5. The quality of the new prompt is evaluated on a development set (using average F1 across EE sub-tasks as reward).
- Dataset: Experiments use subsets of the ACE05 dataset (10 event types): ACElow (15 training samples) and ACEmed (120 training samples), plus development and test sets.
- Evaluation: Performance is measured using F1 scores for Trigger Identification (TI), Trigger Classification (TC), Argument Identification (AI), and Argument Classification (AC).
Key Findings:
- LRMs Benefit from Prompt Optimization: Even advanced LRMs show substantial performance gains from prompt optimization on the complex EE task. On ACEmed, DeepSeek-R1 and o1 achieved AC F1 score improvements of approximately +23% after a single MCTS optimization step. These gains were generally larger than those observed for LLMs (GPT-4.5: +20%, GPT-4o: +14%). Optimized LRMs significantly outperformed their non-optimized versions and also tended to outperform optimized LLMs.
- LRM Performance under Full-Scale MCTS: Extending MCTS to depth 5 yielded further, albeit smaller, improvements. LRMs continued to benefit more than LLMs (e.g., DeepSeek-R1 gained an additional +4.26% AC, while LLMs gained ~1-2%). LRMs scaled more consistently, converged faster, and maintained their performance advantage on the test set.
- LRMs as Better Optimizers: When used as Mopt, LRMs (especially DeepSeek-R1) produced more effective prompts than LLMs. This was particularly evident in the low-resource setting (ACElow). The prompts optimized by LRMs often contained more precise extraction rules, heuristics, and exception handling cases, resembling human annotation guidelines. DeepSeek-R1, in particular, generated shorter yet highly effective prompts.
- Efficiency and Stability of LRMs as Optimizers: LRMs, notably DeepSeek-R1, guided task models to peak performance more efficiently (at shallower MCTS depths) and with greater stability (lower variance across different optimization paths) compared to LLM optimizers like GPT-4.5.
Further Analysis:
- Prompt Quality: Survival plot analysis showed that DeepSeek-R1 as an optimizer generated a higher proportion of high-performing prompts compared to other optimizers.
- Prompt Length: DeepSeek-R1 achieved its best performance with significantly shorter prompts (~1750 tokens) compared to o1, GPT-4.5, and GPT-4o, suggesting a preference for concise instructions when acting as the task model.
- Feedback Adherence: DeepSeek-R1 demonstrated a more targeted approach to applying feedback, often refining only the specific event guidelines mentioned in the feedback and sometimes refusing edits if it deemed the original guideline adequate.

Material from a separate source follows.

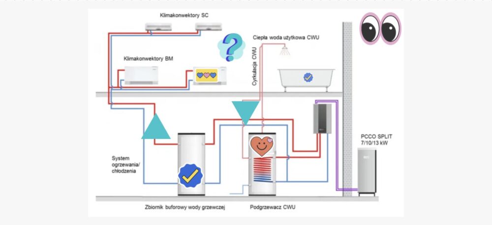 Jeśli dodatkowo jako źródło ciepła używamy pompy cieplnej, niskotemperaturowe grzejniki również nie będą w stanie zapewnić szybkiego przejścia, ponieważ niska temperatura czynnika grzewczego w nich nie generuje dużego konwekcyjnego ogrzewania powietrza w pomieszczeniu, co obniża prędkość przejścia między trybami.

Other models tended to rewrite larger portions of the guidelines irrespective of specific feedback.
- Error Analysis: Prompts optimized by LRMs helped reduce common EE errors, particularly trigger-related mistakes (identifying multiple or implicit events) and somewhat mitigated argument-level errors (coreferences, span overprediction).
Conclusion:
The paper concludes that prompt optimization remains highly beneficial even for advanced LRMs when tackling complex, structured tasks like event extraction. LRMs not only gain more from optimization than LLMs but also serve as superior prompt optimizers, generating effective, often concise, and robust prompts that lead to faster and more stable convergence. This underscores the continued importance of prompt engineering, even as model reasoning capabilities improve (2504.07357).